Saved data entries:
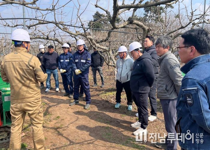 전남투데이 박세훈 기자 | 영광군은 9일 군서면 만곡리의 감 재배 농가에서 2026년 영농부산물 파쇄지원단 발대식 및 안전교육을 진행했다.
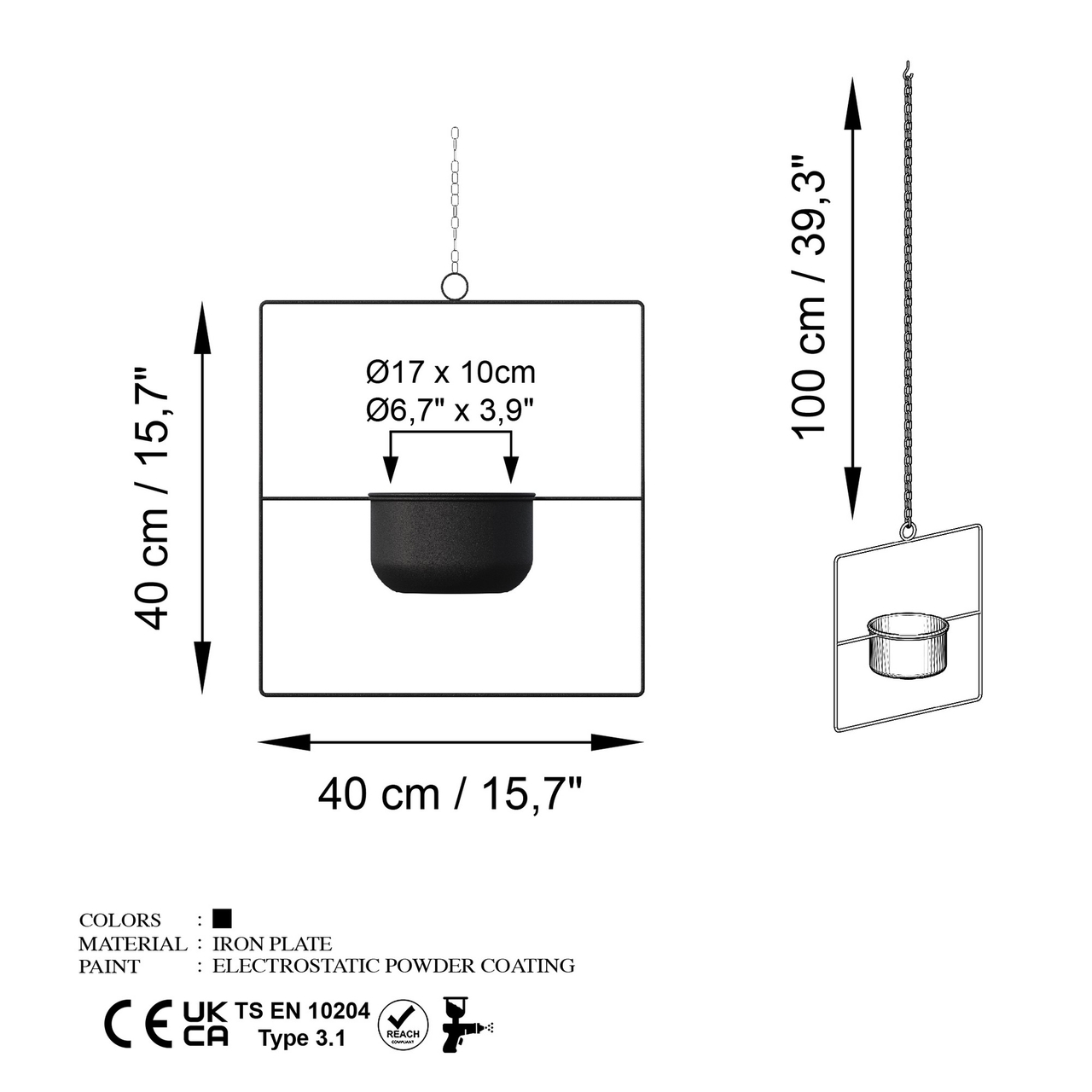 Ghiveci, Pandantif, 40x40x17 cm, Metal, Negru
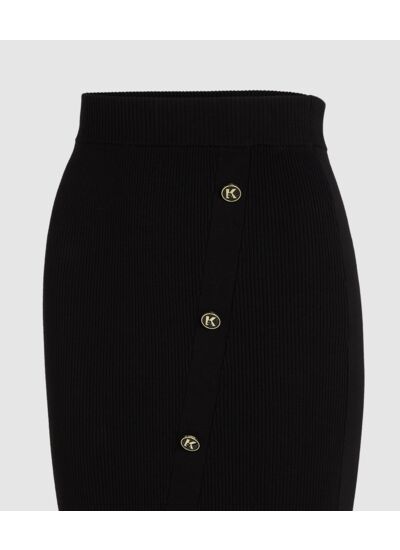 Fabriquée en tricot doux et stretch, la K Buttons Knit Midi Skirt présente une longueur midi classique, une taille élastique pour un ajustement parfait et des boutons décoratifs sur le devant pour une finition soignée.
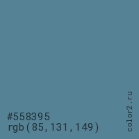 Цвет #558395 в цветовой модели RGB обозначается тремя октетами (85, 131, 149) в десятичном формате и #558395 в шестнадцатиричном (hex) формате, которые являются интенсивностью красного 85 (hex 55), интенсивность зелёного 131 (hex 83) и интенсивность синего 149 (hex 95).
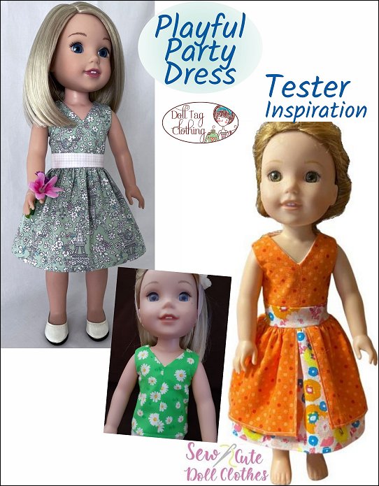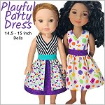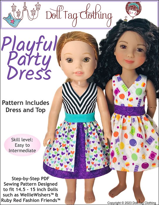 Fun and playful! This is a basic party dress with V-neck front that can b cute with mitered stripes or just plain. The dress is finished with a waistband and the skirt has two layers with the top layer having a split front. Closes with hook-and-loop in the back.Play with fabric and color to create a whole range of dresses with this quick to sew PDF Sewing pattern.Options Include:* Sew the dress without the overlay for a different look* Top pattern and instructions included!Fits:14.5 - 15 inch dolls such as WellieWishers and Ruby Red Fashion FriendsAlso fits - Melissa and Doug Mine to Love and Glitter Girls.Skill Level: Easy to IntermediateMaterials:- Light to medium weight fabric such as quilters cotton
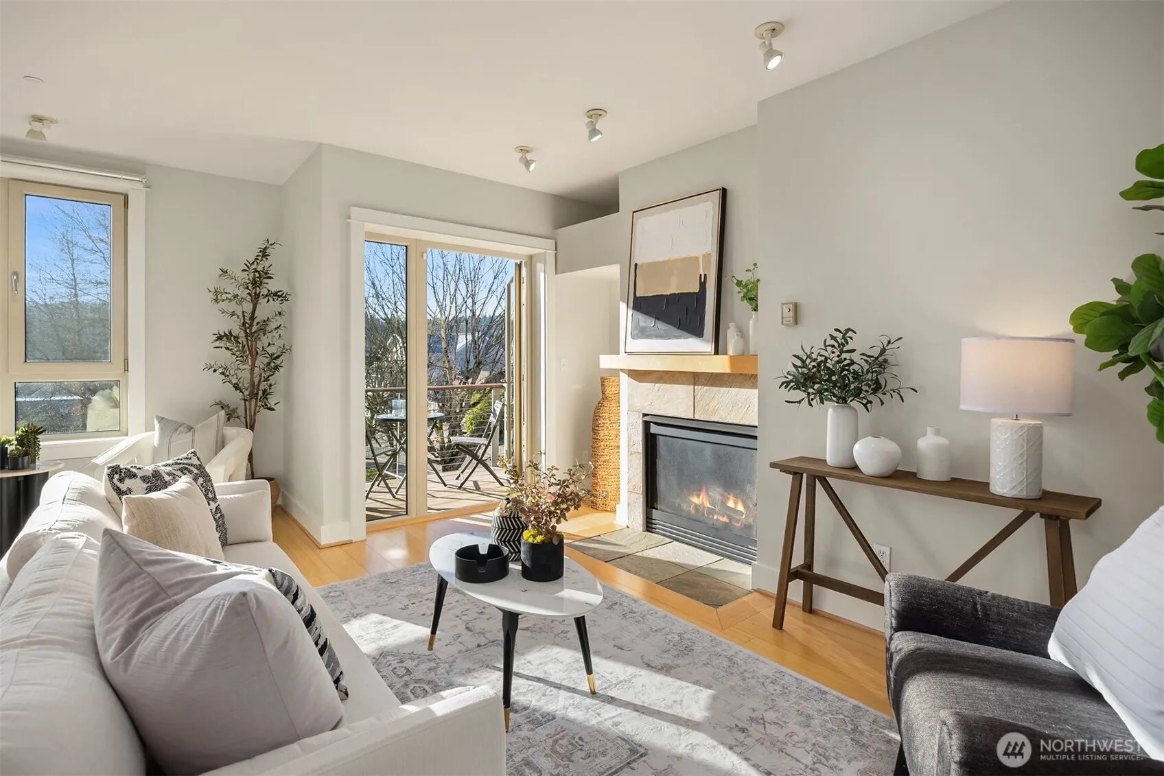 Start 2026 in style with this charming, south-facing 2-bedroom, 2-bath condo in the heart of Winslow. Natural light floods the open living space, brightening even the dreariest days. Enjoy private parking, lower-level storage, and elevator access directly to the second floor, just steps from your front door. The unit has been freshly repainted throughout and features a cozy propane fireplace, a dedicated office or flex space, and a lovely balcony overlooking Eagle Harbor. Perfect for entertaining, this home also offers a heat pump for warm-weather comfort, blending convenience, livability, and an unbeatable in-town location. Just moments from shops, dining, and an easy commute to Seattle, this is a truly sweet island retreat with harbor views and abundant sunshine – the joys of island living.
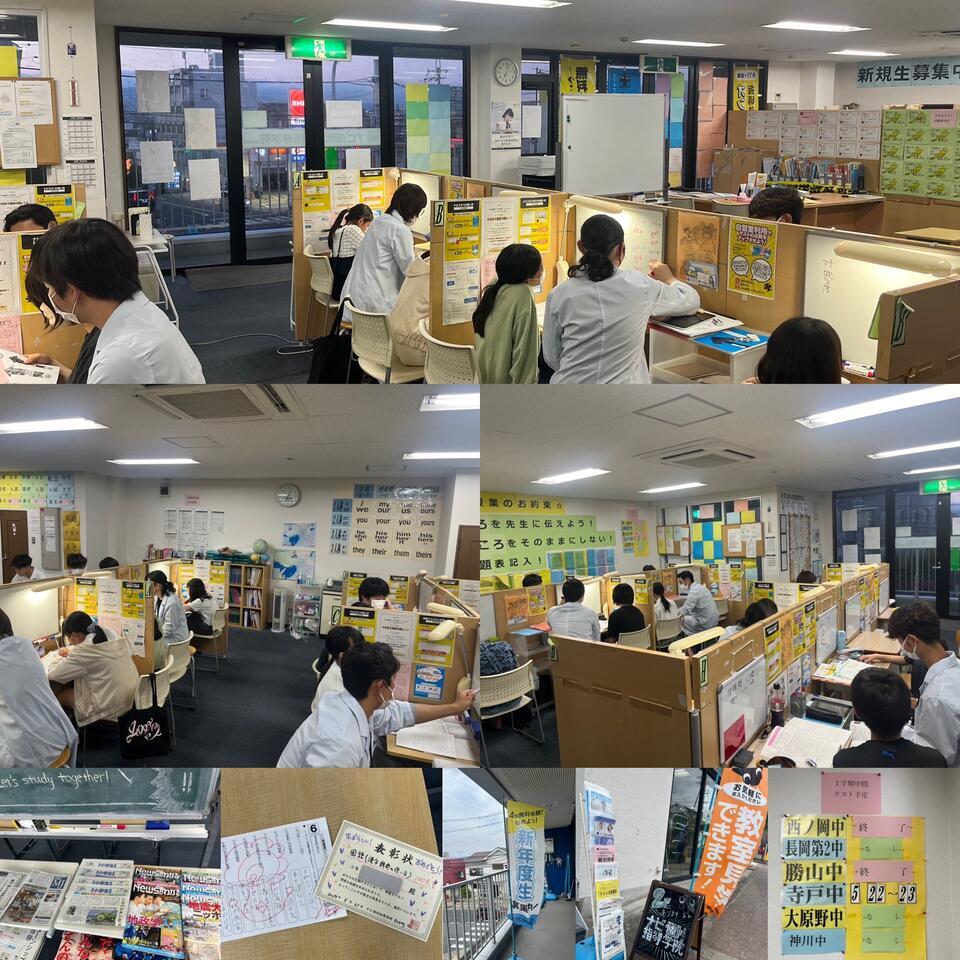 小中高生さん問わず、塾生以外の生徒さんも自習室は使用OKですので、今言ったテスト解き直し、中学高校生でしたら中間テスト、さらに期末テストに向けてのテスト勉強、あと小学生でしたら宿題、何でもいいので是非ご活用下さい!

▶ EXERCISE BRIEF: For the entries above, return an exact copy that omits the images.

▶ TASK RESULT:
 전남투데이 박세훈 기자 | 영광군은 9일 군서면 만곡리의 감 재배 농가에서 2026년 영농부산물 파쇄지원단 발대식 및 안전교육을 진행했다.
 Ghiveci, Pandantif, 40x40x17 cm, Metal, Negru
 Fabriquée en tricot doux et stretch, la K Buttons Knit Midi Skirt présente une longueur midi classique, une taille élastique pour un ajustement parfait et des boutons décoratifs sur le devant pour une finition soignée.
 Цвет #558395 в цветовой модели RGB обозначается тремя октетами (85, 131, 149) в десятичном формате и #558395 в шестнадцатиричном (hex) формате, которые являются интенсивностью красного 85 (hex 55), интенсивность зелёного 131 (hex 83) и интенсивность синего 149 (hex 95).
 Fun and playful! This is a basic party dress with V-neck front that can b cute with mitered stripes or just plain. The dress is finished with a waistband and the skirt has two layers with the top layer having a split front. Closes with hook-and-loop in the back.Play with fabric and color to create a whole range of dresses with this quick to sew PDF Sewing pattern.Options Include:* Sew the dress without the overlay for a different look* Top pattern and instructions included!Fits:14.5 - 15 inch dolls such as WellieWishers and Ruby Red Fashion FriendsAlso fits - Melissa and Doug Mine to Love and Glitter Girls.Skill Level: Easy to IntermediateMaterials:- Light to medium weight fabric such as quilters cotton
 Start 2026 in style with this charming, south-facing 2-bedroom, 2-bath condo in the heart of Winslow. Natural light floods the open living space, brightening even the dreariest days. Enjoy private parking, lower-level storage, and elevator access directly to the second floor, just steps from your front door. The unit has been freshly repainted throughout and features a cozy propane fireplace, a dedicated office or flex space, and a lovely balcony overlooking Eagle Harbor. Perfect for entertaining, this home also offers a heat pump for warm-weather comfort, blending convenience, livability, and an unbeatable in-town location. Just moments from shops, dining, and an easy commute to Seattle, this is a truly sweet island retreat with harbor views and abundant sunshine – the joys of island living.
 小中高生さん問わず、塾生以外の生徒さんも自習室は使用OKですので、今言ったテスト解き直し、中学高校生でしたら中間テスト、さらに期末テストに向けてのテスト勉強、あと小学生でしたら宿題、何でもいいので是非ご活用下さい!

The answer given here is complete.